Escucha la Homilía del Domingo 5 de julio del 2009

flickr: nafra cendrers

flickr: nafra cendrers

Los carpinteros no sirven para Dios

Domingo 14 b del ordinario

El Evangelio de hoy resulta muy curioso. Y revela nuestros esquemas mentales, nuestra manera de pensar y valorar. La gente se admira y se hace lenguas de la sabiduría de Jesús. Pero lo que ya no entiende es que “sea el hijo del carpintero”.

No nos asusta la grandeza de Dios. Pero nos escandaliza su sencillez y cuando se hace pequeño. “Y esto les resultaba escandaloso”. No se escandalizan de que Dios tenga una sabiduría especial, sea omnipotente, haga  milagros, sea grande.
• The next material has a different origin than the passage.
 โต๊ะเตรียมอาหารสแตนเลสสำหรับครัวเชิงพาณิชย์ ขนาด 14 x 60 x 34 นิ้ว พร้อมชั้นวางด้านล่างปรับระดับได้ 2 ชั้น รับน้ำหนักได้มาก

Pero nos escandaliza verlo de carpintero del pueblo.
Toda su admiración por “su sabiduría”, sus “milagros” se viene abajo cuando se dan cuenta de que Jesús es el hijo del carpintero y conocen a toda su parentela que no pertenecía a la clase alta sino a la clase sencilla y pobre del pueblo. Su apellido no era de los que sonaban y hacían historia.
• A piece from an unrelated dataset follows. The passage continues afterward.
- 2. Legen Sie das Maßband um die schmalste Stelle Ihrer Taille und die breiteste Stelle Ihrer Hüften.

Dios empeñado en rebajarse hasta hacerse hombre y carpintero. Y nosotros empeñados en elevar a Dios tan alto que ni lo podemos ver. Dios empeñado en hacerse uno de nosotros y como nosotros. Y nosotros empeñados en hacerlo distinto a nosotros.

flickr: Phoenix Trimegisto

flickr: Phoenix Trimegisto

Eso de rebajarse como que no nos va.
¿Quién quiere vaciarse de sus títulos o dignidades?
¿O al menos, no exhibirlas como un trofeo?
Todos queremos subir, aunque sea a cuenta de los demás.
Todos sacamos nuestros pergaminos para que la gente nos considere que somos alguien.
Todos queremos que delante de nuestros nombres pongan: Don, Su Eminencia, Su excelencia, Reverendísimo, Ilustrísimo.
Es que esos títulos lucen, a uno le dan brillo.
Uno puede ser un don nadie, pero con uno de esos títulos por delante, todo el mundo se te rinde.

Si Jesús hubiese sido Ingeniero, Arquitecto, Senador, Presidente de la República, Obispo o aunque no sea más que Párroco o Superior de una Comunidad o Presidente de alguna entidad pública, o algo así, todos le creerían. Pero, como era “hijo del carpintero” y su familia no era de renombre en el pueblo, “se escandalizaban de él”.

Por eso Dios nos suele resultar desconcertante, porque camina en siempre en dirección contraria a nosotros.

El queriendo acercarse al hombre y nosotros empeñados en verlo desde lejos.
El queriendo parecerse a nosotros y nosotros empeñados en hacerlo distinto.
El queriendo familiarizarse con nosotros y nosotros empeños en sentirlo extraño.
El queriendo hacerse sencillo y nosotros empeñados en hacerlo complicado.
El queriendo que le tratemos de tú y nosotros tercos en llamarle “Señor”.
El queriendo hacerse débil y nosotros seguimos tercos con eso de “omnipotente”.
El queriendo hacerse pobre por nosotros y nosotros tercos en querer verlo rico.
El queriendo inspirarnos confianza y nosotros tercos en tratarlo siempre con grave reverencia: “Señor”.

Y el caso es que, con esas nuestras actitudes, le impedimos hacer su obra en nosotros. “Y no pudo hacer allí ningún milagro”. “Y se extrañó de su falta de fe”.
Porque es fácil creer en un Dios que nosotros hacemos y creamos a la medida de nuestras mentalidades.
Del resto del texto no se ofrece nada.